The First Houses: from Waterfront to Skybreak, Experiments in Living

31/08/1999


Residential commissions were a laboratory for Team 4: the teachings of Rudolph, Chermayeff and Stirling or the influence of Kahn combined with the popularity of Siedlung Halen, and all were tested in several unbuilt projects and two completed schemes. For the Brumwells the team developed a plan for 19 houses on the site of their earlier home in Cornwall, but the project – which evolved from the glass roofs of the first version of Creek Vean to the terraced sections of Atelier 5 –failed to obtain planning permission; and for Wates Homes, a housing company, the architects worked on a large scheme in Surrey that replayed the stepped section and high density of Siedlung Halen, and here it was the fear of risk that made the company drop the experiment.
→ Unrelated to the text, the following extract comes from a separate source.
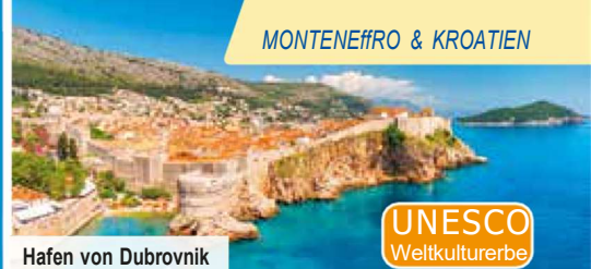
Hafen von Dubrovnik

The three houses in Murray Mews with characteristic glass roofs, and the house for Michael Jaffé in Radlett (of Clockwork Orange fame, and which Foster named ‘Skybreak’ after the roof lights) were top-lit exercises in density which managed to get built in arduous struggle with the wet trades of construction; and in the close knit tapestry of Skybreak, achieving a promenade architecturale through the light and shadows of the stepped platforms which is also a fitting representation of the changing family of the 60s...[+]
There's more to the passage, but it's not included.